DataDownload: How our weird shopping behavior is messing with AI models

8 min readMay 16, 2020

DataDownload: How our weird shopping behavior is messing with AI models A weekly summary of all things Media, Data, Emerging Tech View this email in your browser

AI is confused by the pandemic — but who isn’t. Testing is a freedom of information issue — says CJR. We explore the future of 5G with the Director of Verizon’s 5G Lab. And as events all go virtual, our Events listing captures some of the coolest.

Meanwhile, if you’re not wearing a mask you’re choosing luck over science. And since you’re reading this newsletter, that can’t be true. Mask up.

As always, Email with ideas, tips, appreciation, or criticism.

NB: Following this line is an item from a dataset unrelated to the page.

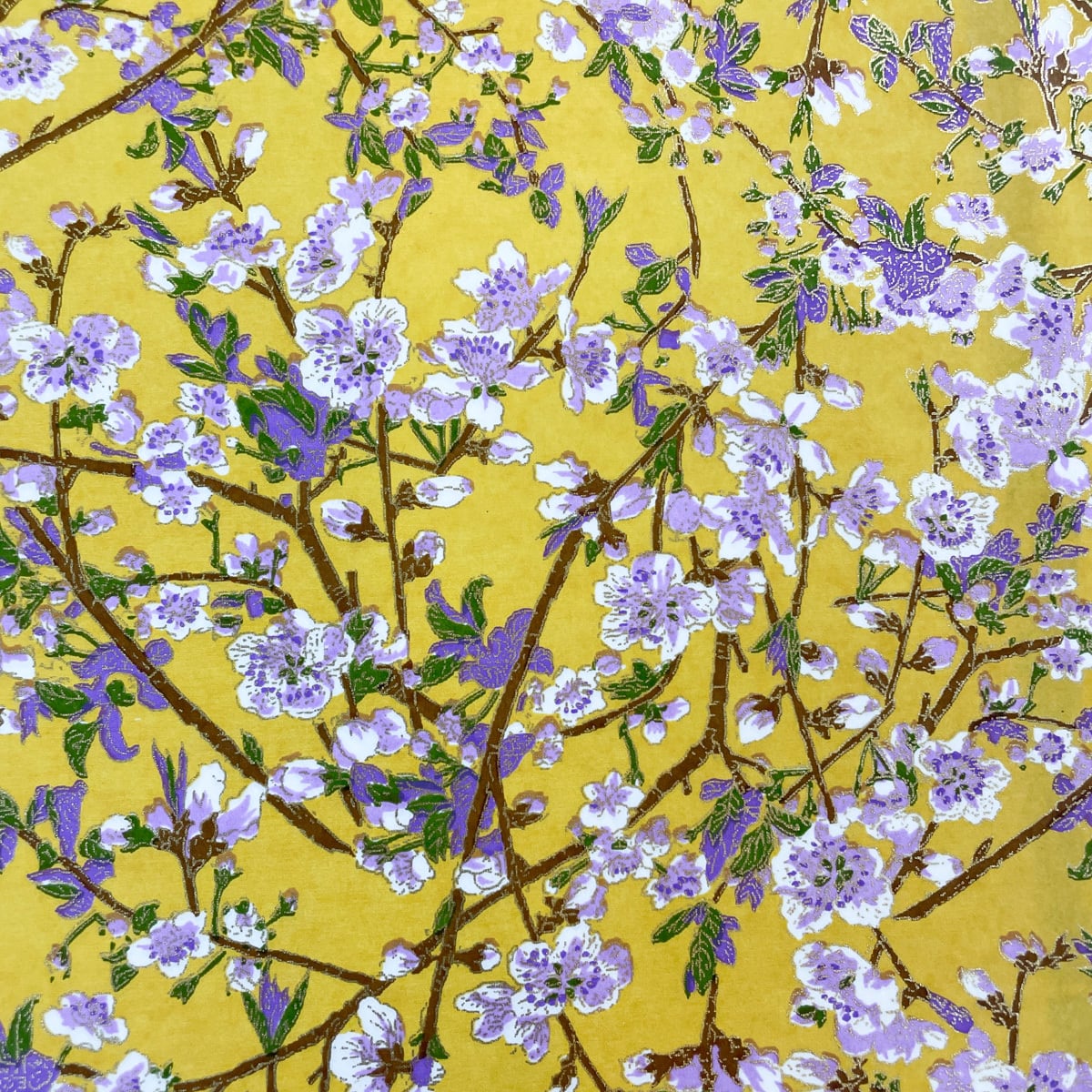 華やかな友禅紙 桃の花 桃の木 黄色 梅 桜 大判 約63x93cm 千代紙 YUZEN dyeing

Hard problems require lots of smart people paddling in the same direction. Steve@NYCMediaLab.org.

Best,

Steven Rosenbaum
Managing Director
The NYC Media Lab Must-Read Our Weird Behavior During the Pandemic Is Messing With AI Models

Instead of LEGO sets and phone cases, the top searches on Amazon during the pandemic have been for toilet paper, masks, and hand sanitizer. Customer analytics platform Nozzle captured the rise in COVID-19-related searchers on Amazon (see below), and you can almost track the progress of the virus by looking at search patterns. But the sudden jump in pandemic-related products has rippled into algorithms running in inventory management software, fraud detection systems, marketing analytics platforms, and more. Machine learning models trained on “normal” human behavior were thrown out of whack as the definition of “normal” took a sharp turn.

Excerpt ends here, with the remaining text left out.